I had the shock of my life today. My hairdresser is pregnant. Ok, so she did actually tell me she was pregnant about 3 months ago, but I had completely forgotten...so when I walked in today (for my 3 monthly treat - nothing whatsoever to do with the Blogging meet-up on Sunday - you have to believe me) - and I was met with a bump the size of...well something rather large, I was a little taken aback. But only momentarily, of course. I quickly recovered my composure and instead mustered the most amount of excitement possible on a wet and windy midsummer day. But then I saw Kelly's face, and it didn't match my excitement at all...Could it have been that she wasn't happy being pregnant? I was sure she'd viewed it as good news when she'd initially told me...So what was the problem? I decided to enquire further.
"I just feel so fat. I hate it. I feel like a baby elephant. And I know I look like one too. I can't find any clothes to fit and I'm aching all over and I can't walk, I can only waddle and...well...nobody told me it was going to be like this. And the worst thing is - I'm only 5 months gone."
Oh dear. Oh dear. Oh dear. I knew exactly how she felt. It is a well-documented fact (or at least it is if you read this blog) that I gained rather a lot of weight during both my pregnancies. I'm not sure exactly how much (5 stone with the first and 3 stone with the second). Come on - do you really think I'd forget that? And I can honestly say I hated being pregnant. I didn't hate the fact that there was a tiny creature growing inside me...or that I was about to help make a miracle happen...I just hated the aches and pains that went with it. And most of all, I hated being so fat.
It's not that I have anything against fat people (some of my best friends are fat)...hee hee...it's just that, well, I wasn't comfortable being fat. It had never happened to me before. I had grown up proud of my humongous portions and fast metabolism...and even during my first pregnancy when I was eating for Britain (and France...and Italy and Spain and the rest of the world come to think of it), I wasn't in the least bit worried. There I was waking up in the night to eat my third king-sized Magnum of the day and I still managed to convince myself it was just the bump...
So when I finally gave birth two whole weeks of scoffing after my due date and realised the true horror of what had been left behind, I was more than a little traumatised. No longer did I possess a flat, toned stomach, or even a round taut one.
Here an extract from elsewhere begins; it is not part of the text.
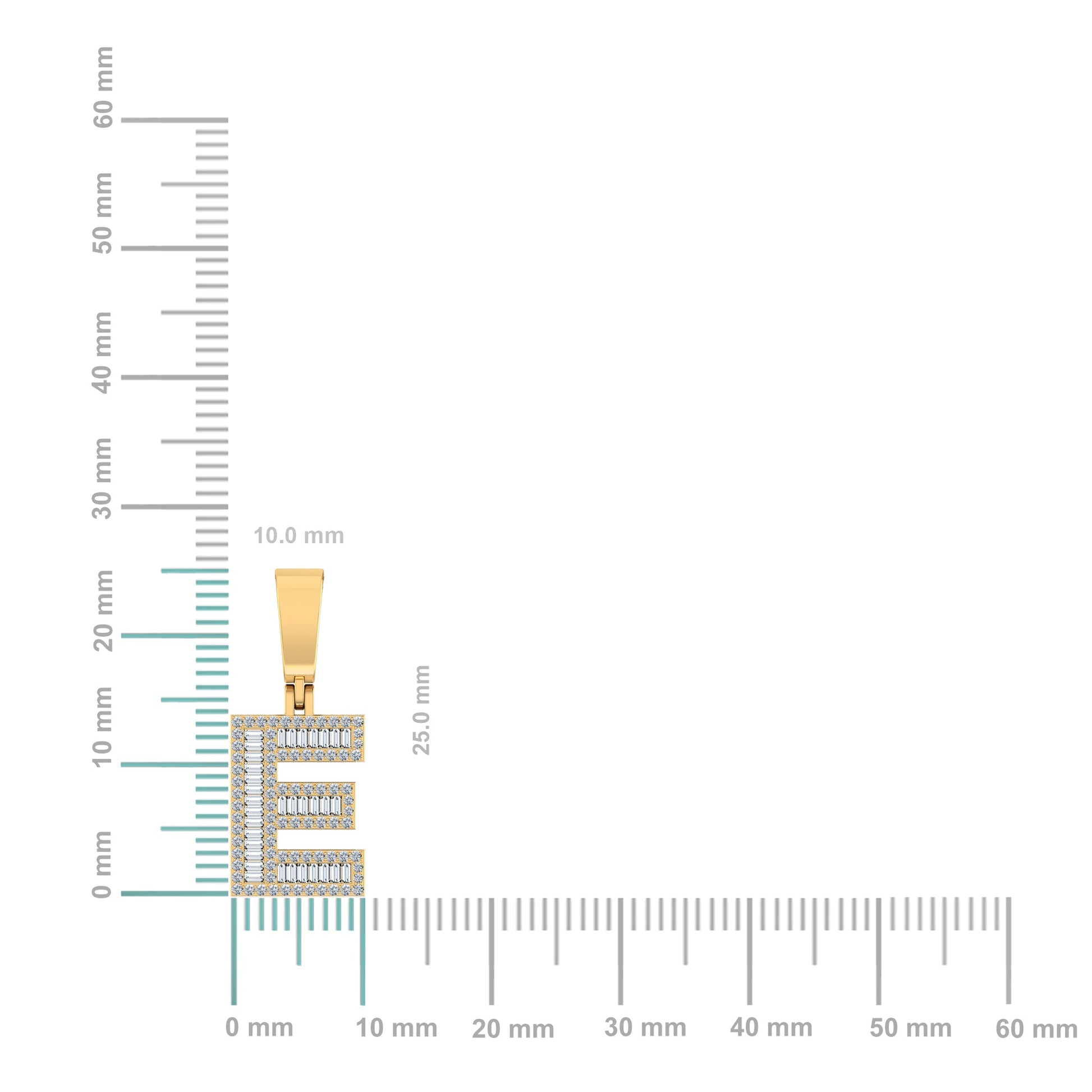 10K Yellow Gold Baguette Diamond Initial E Letter Pendant 1/2 Cttw

Nothing of my former body had been left behind. Instead I resembled a character straight out of Channel 4's Body Shock series. 'Ten ton Mum'. That was me. I think she had to be fed out of tubes or something equally as sinister. And I wasn't just fat. I was fat and sweaty. I put it down to the breastfeeding, although it could have been something to do with the oh so natural organic deodorant that had promised not to harm the baby, but couldn't deodorise a fragrant rose.
So there you have it. I was fat and sweaty and full of misery and getting absolutely no sleep and still wearing maternity clothes 4 months after giving birth. BUT, I had the most beautiful little baby and it could have been much, much worse...
So why am I writing this now? Well apart from poor Kelly who is going through the exact same frustrations as I went through on two separate occasions, I am also currently reading a lot about other people's weight struggles, including the now infamous 'Wednesday Weigh-In' in the blogosphere. It's not just me who piled on the pounds during pregnancy....And without sounding patronising I want to say...Don't worry. The weight will go. If you want it to. It's now two and a half years since I gave birth to my second child and I no longer resemble Ten Ton Mum. My stomach isn't quite as toned as it once was (nor my breasts as pert and pretty - but that's another story entirely)...but I did lose the weight. Where it went I have no idea. But I don't care. It's gone...and yours will too.
Oh, and one last thing - if you just so happen to be pregnant - congratulations and enjoy - but try to stay away from that second helping of cheeseburger and chips...if you can.